§ ABOUT THIS TASK
Please transcribe exactly, and only, the lines of the data below between the line holding "Rigo Women Wine Solid Fleece Bomber Jacket" and the line holding "Welkom in het", inclusive.

§ DATA FOR PROCESSING
# # # # #
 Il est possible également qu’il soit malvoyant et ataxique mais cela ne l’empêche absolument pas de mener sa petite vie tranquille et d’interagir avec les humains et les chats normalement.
# # # # #
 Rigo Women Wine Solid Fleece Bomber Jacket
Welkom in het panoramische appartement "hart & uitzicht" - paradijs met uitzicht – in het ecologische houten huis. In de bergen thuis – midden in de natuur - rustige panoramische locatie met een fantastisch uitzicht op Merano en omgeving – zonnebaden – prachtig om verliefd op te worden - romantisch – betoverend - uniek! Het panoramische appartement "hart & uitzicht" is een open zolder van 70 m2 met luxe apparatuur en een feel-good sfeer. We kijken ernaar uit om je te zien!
# # # # #
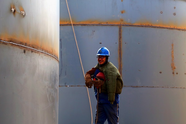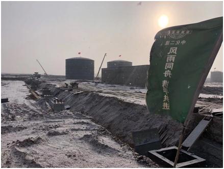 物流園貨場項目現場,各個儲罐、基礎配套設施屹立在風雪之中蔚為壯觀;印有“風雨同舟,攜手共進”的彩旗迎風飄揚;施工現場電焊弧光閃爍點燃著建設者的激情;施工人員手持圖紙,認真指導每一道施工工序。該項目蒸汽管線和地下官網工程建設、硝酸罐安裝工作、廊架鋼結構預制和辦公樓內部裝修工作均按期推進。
# # # # #
§ FINISHED TASK
 Rigo Women Wine Solid Fleece Bomber Jacket
Welkom in het panoramische appartement "hart & uitzicht" - paradijs met uitzicht – in het ecologische houten huis. In de bergen thuis – midden in de natuur - rustige panoramische locatie met een fantastisch uitzicht op Merano en omgeving – zonnebaden – prachtig om verliefd op te worden - romantisch – betoverend - uniek! Het panoramische appartement "hart & uitzicht" is een open zolder van 70 m2 met luxe apparatuur en een feel-good sfeer. We kijken ernaar uit om je te zien!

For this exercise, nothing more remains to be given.